Tabel 5. Tata waktu kegiatan pengusahaan HTI
Kegiatan HTI Tahun ke-
-2 -1 0 1 2 3 4 5 6 7 8 dst
Perencanaan
RKPH
RKT
Tata Batas
Penataan Hutan
PWH
Penanaman
Pemeliharaan
Tanaman Muda
Tegakan
Perlindungan
Pemanenan
Sumber: Anonim (1993b) dalam Octofivtin (2004)
2.2 Tinjauan Pembiayaan Pengusahaan HTI
Sesuai dengan Peraturan Pemerintah nomor 6 tahun 2007 tentang Tata
Hutan dan Rencana Pengelolaan Hutan, serta Pemanfaatan Hutan, Pedoman
Pelaporan Keuangan Pengusahaan Hutan tahun 1995, dan hasil-hasil penelitian di
lapangan, secara umum biaya pembangunan HTI terdiri dari :
1. Biaya perencanaan
2. Biaya penanaman
3. Biaya pemeliharaan dan pembinaan hutan
4. Biaya pengendalian kebakaran dan pengamanan hutan
5. Biaya pemungutan hasil hutan
6. Biaya pemenuhan kewajiban kepada negara
7. Biaya pemenuhan kewajiban kepada lingkungan dan sosial
8. Biaya pembangunan sarana dan prasarana
9. Biaya administrasi dan umum
10. Biaya pendidikan dan latihan
11. Biaya penelitian dan pengembangan
12. Biaya penilaian HTI
Menurut Yanwardi (2007), biaya operasional adalah biaya-biaya yang
langsung dikeluarkan untuk menghasilkan suatu barang/produksi. Produksi dapat
berbentuk penanaman, bibit, dan kayu. Biaya operasional dapat dibagi menjadi:
1. Biaya penanaman (plantation cost) merupakan biaya-biaya yang dikeluarkan
untuk penanaman bibit tanaman hingga tanaman tersebut bisa dipanen. Biaya
penanaman terbagi atas dua bagian yakni biaya-biaya persiapan lahan tanam
dan penanaman bibit itu sendiri (initial expenses) dan biaya pemeliharaan
(maintenance expenses).
2. Biaya pembibitan (nursery cost) merupakan biaya-biaya yang dikeluarkan
untuk menghasilkan bibit-bibit yang akan ditanam.

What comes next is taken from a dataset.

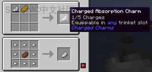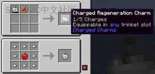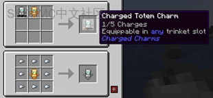 Charged Charms (Charged Charms)Github |相关wiki |源站链接支持: fabric , forge , neoforgeAdds several Charged Curios or Trinkets for balanced gameplay. Charms included are regeneration, absorption, speed, totem of undying and hit mob glow effect. Charged Charms is a mod that adds several Charged charms that are designed to have a set number of charges for the given effect. This allows for balanced server play when utilizing the charm abilities. Each Charged Charm can be recharged with an item corresponding to the charm (up to 5 charges). REI and JEI recipe compatible for recharge recipes.

3. Biaya pemanenan (Harvesting cost) merupakan biaya-biaya yang dikeluarkan
untuk memanen kayu, mengeluarkan kayu dari areal pemanenan, hingga
mengantarkan kayu ke areal pabrik.
Menurut Lipsey (1995), biaya merupakan pengorbanan sumber ekonomis
yang diukur dalam satuan uang yang telah terjadi atau kemungkinan akan terjadi
untuk mencapai tujuan tertentu. Lebih lanjut Lipsey mengelompokkan biaya
menjadi 2, yaitu:
1. Biaya Variabel, yaitu biaya yang berkaitan langsung dengan output, yang
nilainya bertambah besar dengan meningkatnya output dan berkurang dengan
menurunnya output. Biaya ini disebut juga sebagai biaya langsung atau biaya
yang dapat dihindari (avoidable cost). Contoh: biaya material, upah langsung,
dan lain-lain
2. Biaya Tetap, yaitu biaya yang tidak akan berubah meskipun output berubah,
biaya ini akan sama besarnya kendati output satu unit maupun satu juta unit.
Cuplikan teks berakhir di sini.